Back then, it was a relatively expensive cue & I was insistent I get what I ordered. Again, my behavior was wrong.
 

Terry Aeschliman

Terry Aeschliman
Gold Member
Silver Member
I recently was able to purchase two R12's, one older with sharp points and the other made in 1993 with CNC points. One blue the other red. Now i need a natural LOL
Terry Aeschliman Galveston Indiana 765 434 5131
 

skins

Likes to draw
Silver Member
I might be the only person to return a new custom made Schon cue to Bob Runde because he got the design wrong.
Yup, it was my first custom cue designed by Bob and myself at the BCA’s Inaugural Trade Show in Forth Worth, Texas.

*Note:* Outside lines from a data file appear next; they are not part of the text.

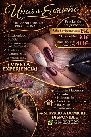 💅 Manicurista profesional Ofrezco servicios de manicura y pedicura con acabados de alta calidad. Trabajo con productos profesionales, máxima higiene y atención personalizada para que tus uñas luzcan perfectas. Servicios: ✔️ Manicura semipermanente ✔️ Uñas de sof gel y base rubber ✔️ Diseños personalizados ✔️ Reparación y mantenimiento 📍 Atención a domicilio o en mi espacio según disponibilidad 📩 Escríbeme sin compromiso 634 06 92 03
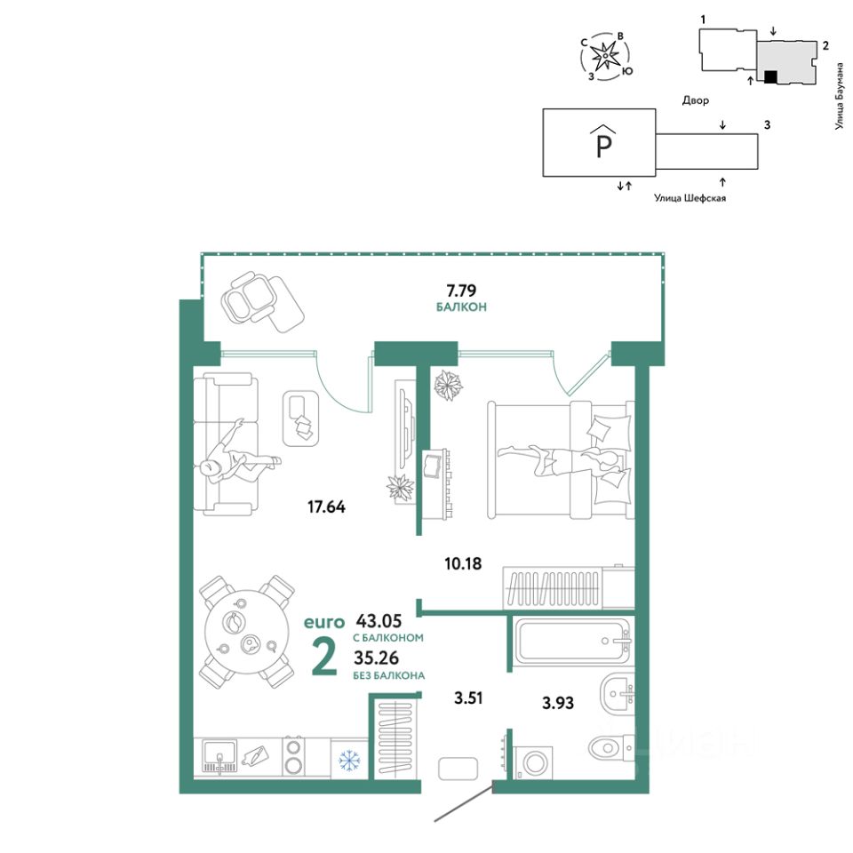 Продается 2комнатная квартира на 9 этаже от застройщика Страна Девелопмент. Площадь квартиры 43,05 кв. м. Стоимость указана без учета акций.
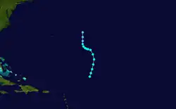 Shortly behind Dolly, another tropical wave spawned a tropical depression over the Lesser Antilles on September 15.[3] As it moved through the region, it produced unsettled conditions across the northeast Caribbean.[24] Edna quickly intensified as it tracked northwestward, attaining hurricane status on September 15 and peak winds of 115 mph (185 km/h) the next day. After peaking, the hurricane turned to the northeast and maintained most of its intensity for a few days.[3] It passed just north of Bermuda early on September 18 with winds of 115 mph (185 km/h), before beginning a steady weakening trend as it accelerated. By September 19, Edna completed the transition into an extratropical cyclone, lasting another day before dissipating west of Ireland.[8]

In hindsight, my criticism of his workmanship was unwarranted and undeserved. I found fault with such minutiae that
I am amazed Bob didn’t become hostile. He offered me a substantial discount on the cue as a gesture but I declined.

Instead, I said I’d rather have Bill Stroud or Tad build me a cue if he can’t the design we agreed upon right. Bob was a
class act whereas I behaved like a total jerk. Bob said he make the cue again but this would be his final attempt at it.

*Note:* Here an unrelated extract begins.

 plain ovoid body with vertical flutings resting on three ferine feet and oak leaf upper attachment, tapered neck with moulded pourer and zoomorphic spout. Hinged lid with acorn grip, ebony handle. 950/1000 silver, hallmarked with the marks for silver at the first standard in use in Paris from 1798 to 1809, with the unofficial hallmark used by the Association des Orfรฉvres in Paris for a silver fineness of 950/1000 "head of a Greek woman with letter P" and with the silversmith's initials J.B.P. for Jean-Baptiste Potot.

Gosh, I wish I had not returned the first cue or criticized the workmanship. I behaved like a asshole. But Bob was very
gracious and after the cue was finished, he called to let me know he learned an important lesson. He’d only build cue
designs in the future that ultimately met his design approval, not the customer’s. He came up with the butt inscription.

I regret not having Bob not build me a flat ivory joint pool cue with a R12 design or equivalent. He is a tremendously
talented cue maker and set the pace of cue making back in 1981 when he and Terry founded Schon Cues. Mine does
not see play any longer since my tastes in cue joints & cue weight changed since ‘84/‘85. But it’s still handsome today.
Matt has a very special cue here. Not only because of the massive inscription in the cap, but to me, THE most special and interesting thing about this cue is though forearm is a 4 point/rotation layout, the sleeve is a 6 rotation layout. Very cool and possibly unique. I would guess the only one Bob ever built like that.
 

71dewajack

Active member
Matt has a very special cue here. Not only because of the massive inscription in the cap, but to me, THE most special and interesting thing about this cue is though forearm is a 4 point/rotation layout, the sleeve is a 6 rotation layout. Very cool and possibly unique. I would guess the only one Bob ever built like that.
And considering his description of the events above, it seems obvious why Bob probably didn't do another one like that, LOL. Very sharp cue indeed.
 

sixpack

AzB Silver Member
Silver Member
I had played with Meucci, Mali, McDermott - then when I got a ‘real’ job I went to Showcase billoards and test hit every cue in the place. I was there for several hours and the absolute best hit was a new Schon R9. It was a beautiful cue as well but I didn’t care at all about that at the time. I think it was $725 but Clay gave me a generous trade-in amount for the McDermott I had at the time. He was probably just tired of me.

It’s been my player ever since. I paired it with an older OB shaft right when Covid started and I love that combination.
 

71dewajack

Active member
I had played with Meucci, Mali, McDermott - then when I got a ‘real’ job I went to Showcase billoards and test hit every cue in the place. I was there for several hours and the absolute best hit was a new Schon R9. It was a beautiful cue as well but I didn’t care at all about that at the time. I think it was $725 but Clay gave me a generous trade-in amount for the McDermott I had at the time. He was probably just tired of me.

It’s been my player ever since. I paired it with an older OB shaft right when Covid started and I love that combination.
Awesome, it'd be cool to see pictures.